For me the key is to choose media according to the type of work I'm doing. If reading or writing then I want something purely instrumental without storytelling (e.g. Explosions in the Sky). If I'm doing something monotonous then I'll put on NPR. Everything in between is on a spectrum with the amount of language and complexity in the work inversely related to the amount of language in the audio. For deep coding I'm very partial to soundtracks and operas (in a language I'm not fluent in) as following the story in the back of my mind serves as the buffer against distracting thoughts.
posted by Manjusri at 9:50 PM on April 1, 2009 [2 favorites]

I've been in exactly your situation, and one thing that works for me is to leave my desk every hour and do five minutes of very strenuous exercise. At work, I run up the stairwell until my heart is racing. It home, I lift dumbbells and do situps till I sweat.

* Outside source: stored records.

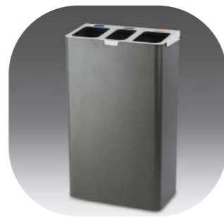
RECICLAJE TRES RESIDUOS CON AROS SUJETA-BOLSAS 33L+33L+33L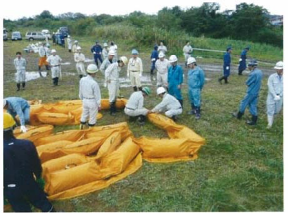
オイルフェンスの組立訓練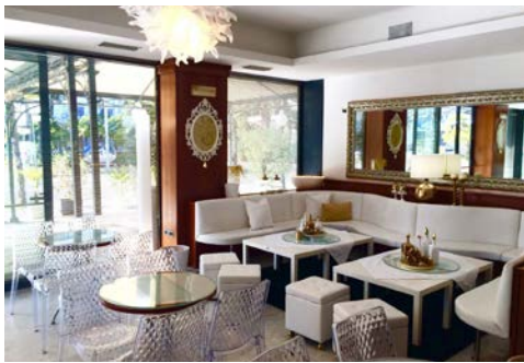
Hotel La Perla – Außenansicht und Lounge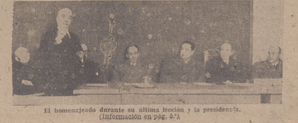
El homenajeado durante su última lección y la presidencia. (Información en pág. 5.ª)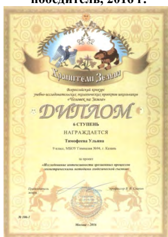
Федеральный этап XI Всероссийского конкурса учебно-исследовательских экологических проектов «Человек на Земле», дипломы «Хранители Земли», 2016 г.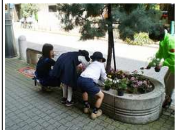
デザインを考えながら植え付け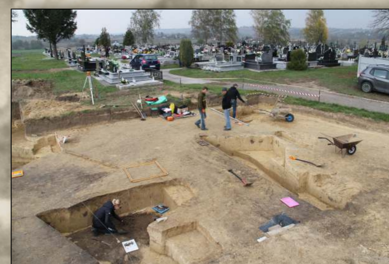
Cmentarzysko na cmentarzu. Eksploracja grobów niszowych sprzed 4,5 tys. lat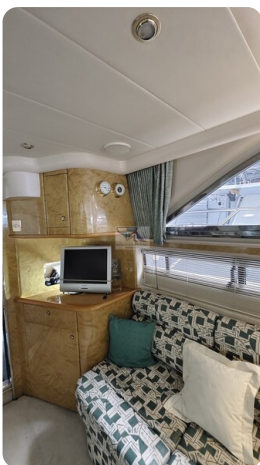
Princess 420 ARNO 5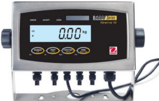
Typical model T51P / modèle T51P typique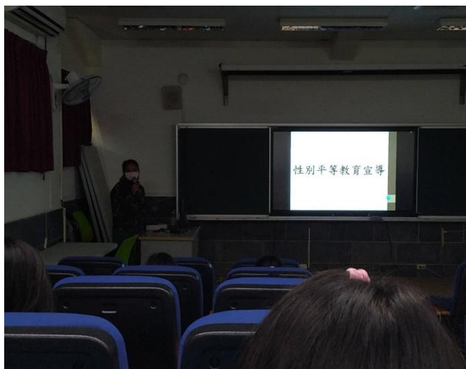
說明:性別平等教育宣導。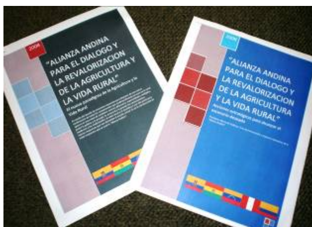
Principios, Políticas, Áreas de Intervención y Aspectos Operativos de la Alianza Andina

These short bursts aren't a replacement for your regular exercise, but they are a good way to drip-feed your brain with endorphins throughout your work day. They also give you a few meditative moments to reflect on your work and plan the next hour. I can't count the number of times a nightmare sentence or major structural problem has spontaneously sorted itself out once my heart rate got above 100.
posted by [ixia] at 1:18 AM on April 2, 2009 [1 favorite]

Also, remember that writing when you're depressed is hard - much, much harder than, say, lifting boxes when depressed. (I should know, I've done both). Professional writing uses every faculty that depression tends to cloud - focus, fluency, inspiration, gut instinct, confidence. Your work might benefit overall if you accept that on your worst days, your mental state is incompatible with being able to do your job.

I know that when you're in the middle of it, taking a break seems like 'giving up'. But you're not giving up - you're making a professional decision that it's both painful and pointless to ask your brain to run marathons when it's genuinely, though temporarily, broken. When you know a day is going to be really bad, the best thing you can do for your writing may very well be not writing. Things may be better tomorrow.
posted by [ixia] at 3:27 AM on April 2, 2009 [1 favorite]

Sounds like you're still depressed. I spent years changing meds until I found a mix that made me feel better emotionally and didn't fog me up. I know it's a pain, but you could ask you doctor for new meds.
posted by RussHy at 6:10 AM on April 2, 2009

You might consider light therapy with sunlight or a lightbox.
posted by tybeet at 6:38 AM on April 2, 2009

Piggybacking on what [ixia] said... I have found that I needed a two-sided philosophy for this. On the one hand, I needed to accept that yes, the moods are real, sometimes they do make me unable to do my work, and there is no good in beating myself up about that. On the other hand, I needed to realize that mood is not destiny. I may be down at a given moment, I may be tempted to say "OK, today is shot, I won't be able to do anything". But every so often I do the experiment -- I just try. And I'm always surprised to see how little correlation there is between how well I think I'll be able to work, and how well I am able to work. Sometimes, just getting started is enough. (Sometimes it's not.) Sometimes, I may be horribly down in the morning and think I won't be able to do anything all day, but a few hours later I feel better and am able to get stuff done.

In short: recognize both the power and limitations of mood.